Мой отец тоже учился у него. Глеб Яковлевич ходит, ковыляя, по залу, он что-то строго говорит ребятам.
— Ах, ты, пузырь ты этакий! — глухо поварчивает он.
Хотя Глеб Яковлевич и теребил нас за волосы и давал подзатыльники, но мы его не боялись.
Боялись другого учителя — Луценко. Высокий, прямой, с длинными темнорусыми волосами, зачесанными назад, как у дьякона, он вырастал среди нас грозной, страшной фигурой, и в зале в это время наступала тишина. Он хватал ребят за уши и вел в угол.
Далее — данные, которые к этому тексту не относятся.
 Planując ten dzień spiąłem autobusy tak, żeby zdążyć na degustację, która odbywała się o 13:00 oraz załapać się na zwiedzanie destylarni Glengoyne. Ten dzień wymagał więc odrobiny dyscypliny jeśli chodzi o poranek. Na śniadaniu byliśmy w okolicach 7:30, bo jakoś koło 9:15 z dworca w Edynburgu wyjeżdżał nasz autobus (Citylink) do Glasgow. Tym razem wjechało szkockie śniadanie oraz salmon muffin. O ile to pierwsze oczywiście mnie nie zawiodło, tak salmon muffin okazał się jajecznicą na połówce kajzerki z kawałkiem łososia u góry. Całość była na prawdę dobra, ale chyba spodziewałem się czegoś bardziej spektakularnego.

Ребята кричали от боли, стоя на коленях. Луценко драл за уши молча. Его большие темные глаза округлялись, делались влажными, а губы крепко сжимались. Мне тоже раз досталось от Луценко.
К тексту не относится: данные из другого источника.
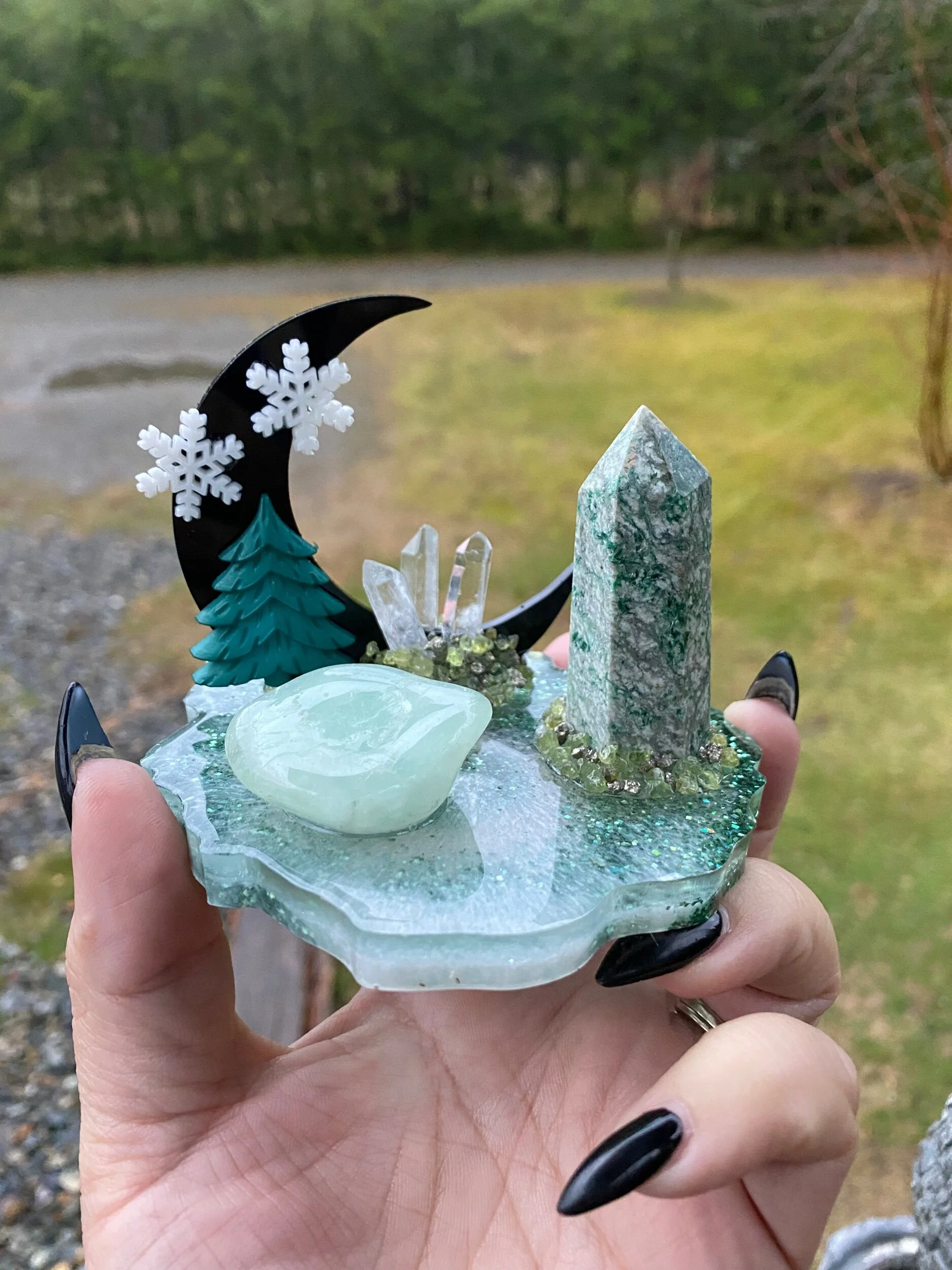With a green kyanite tower, prehnite tumble, Quartz points and chips of peridot and pyrite

В углу, на окне, мы устроились играть в перышки. Накануне я выиграл горсть перьев у Кольки Петрова, по прозвищу «В кармане каша». Его так звали потому, что он умудрялся в школу приносить в кармане комок холодной пшенной каши. Это прозвище к нему быстро и крепко пристало. Вялый, робкий и обиженный умом, он действительно был похож на кашу. Он охотно отзывался, когда ему кричали:
— Эй, Колька, «В кармане каша»!
Охваченные азартом игры, мы подковыривали на гладком подоконнике перышки. Они ложились вверх или вниз: «сака» или «бока».
Выдал нас тот же «В кармане каша». Он проиграл свои перья и нажаловался Луценко. Мы не заметили, как Луценко подошел к нам и через кучку ребят заглянул на окно. У меня было особенно «саклистое» перышко, и я забирал перья у ребят.
Вдруг я почувствовал боль в правом ухе и невольно вскрикнул. В глазах у меня потемнело. Искаженное лицо учителя наклонялось надо мной. Я не помню, как очутился в углу, на коленях. Перья мои рассыпались.
Через несколько дней Луценко чуть не оторвал ухо Кольке Шелудякову. Схватил его за уши и поднял. Колька, бледный, вытянулся, как солдат, руки сделал по швам и молча повис в руках Луценко. А когда он его отпустил, Колька схватил табуретку и швырнул в Луценко. Потом, зажав рукой окровавленное ухо, убежал из школы.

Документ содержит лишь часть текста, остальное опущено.